Resist the temptation to solve this issue by blacklisting values such as / and ..: there are ways around that, the link above lists a few. The canonical solution to this problem is to either (a) choose the file names yourself or (b) have an explicit whitelist of allowed characters.

+ 4
chaL67 avatar
gb flag
chaL67
In my case, the user uploads a file with an Ajax request that calls a PHP script. This scripts then changes the filename to 'toto_id' where id is the user id and 'toto' is a string I have chosen. Finally it moves it to the 'secret' folder. Is the attack still possible ?
0
Reply
chaL67 avatar
gb flag
chaL67
... and the extension of 'toto_id' is set to .png only.
0
Reply
nl flag
Heinzi
@2WFR: Sounds good to me.
0
Reply
chaL67 avatar
gb flag
chaL67
Obviously the user can check if his uploaded file is ok. Here the php script that reads the file has the user id as an input (not the file name as it is always ´toto’). But then it is easy to check that the id corresponds to the user with a valid php session.
0
Reply
Score:0
ruohola avatar Server
cn flag
ruohola

I would argue that this is not a good practice. The security risks that @Heinzi pointed out are very real, but even if you do everything correctly security-wise, you still have end up having a bunch of [presumably important] user files stored on your server. Servers should ideally be ephemeral. There are much better solutions for storing files than just having them lie around in your server. Even if you are taking automated backups (are you?), your setup for them is probably nowhere near as robust as it ideally could be.
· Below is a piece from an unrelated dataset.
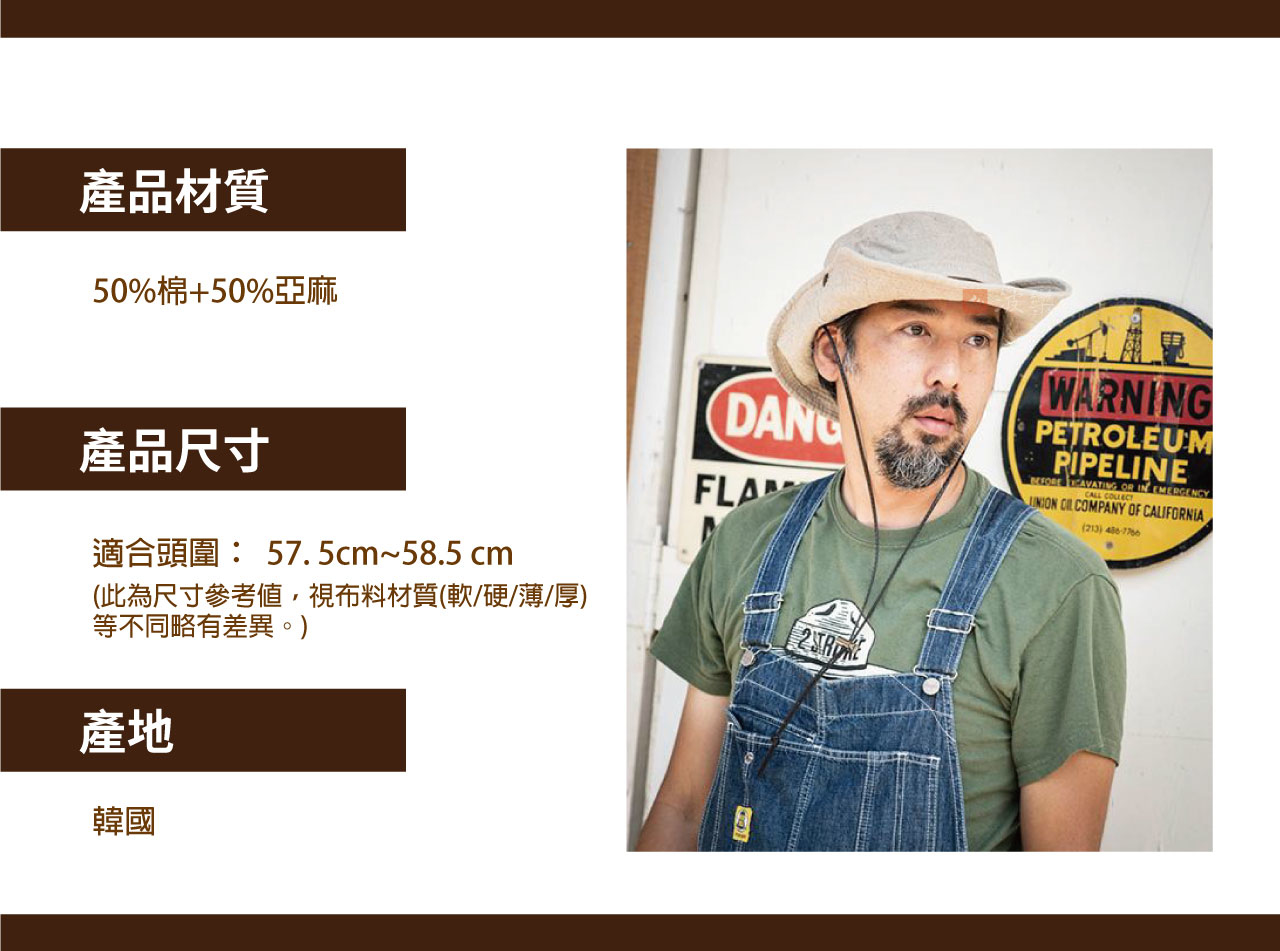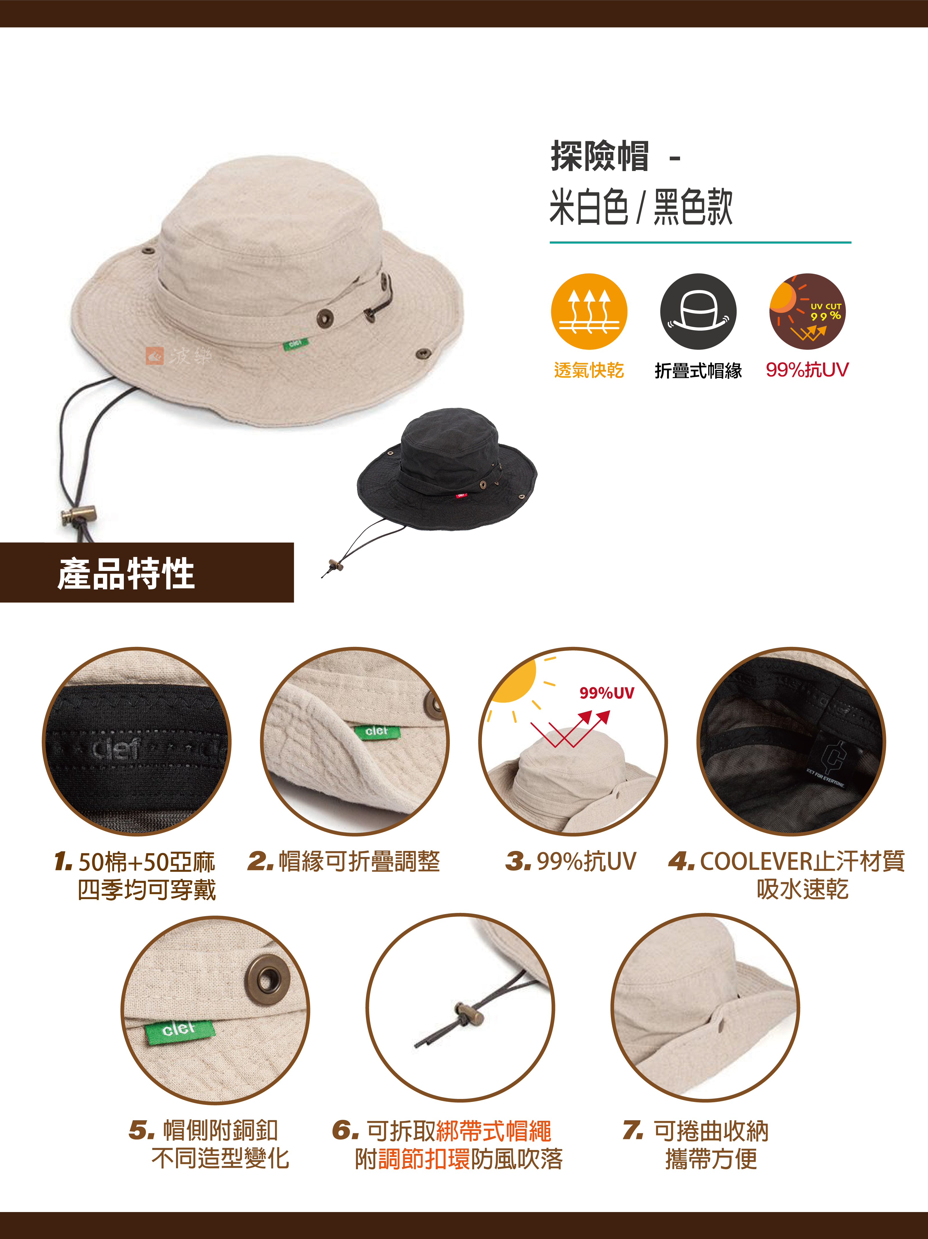 99%抗UV功能,結合50%棉與50%亞麻材質,舒適柔款適合四季穿戴,米白沉靜色調,日常搭配或戶外活動均可適用!帽身內側止汗帶設計,附調整式帽繩以防風吹落,帽沿側多方銅扣的新款式設計,深受消費者喜愛。
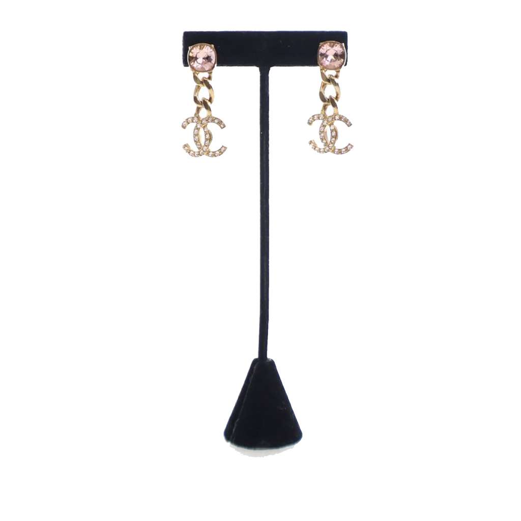 These earrings feature gold plated bodies, crystal embellishments, and push back closures.

I'd advice you to for example look into AWS S3 or Google Cloud Storage, these kind of managed file storage solutions are extremely cheap nowadays and take care of all the hazzle for you.

+ 0
ธงชาติไทย
Elon Musk
I sit in a Tesla and translated this thread with Ai:

mangohost

Post an answer

Most people don’t grasp that asking a lot of questions unlocks learning and improves interpersonal bonding. In Alison’s studies, for example, though people could accurately recall how many questions had been asked in their conversations, they didn’t intuit the link between questions and liking. Across four studies, in which participants were engaged in conversations themselves or read transcripts of others’ conversations, people tended not to realize that question asking would influence—or had influenced—the level of amity between the conversationalists.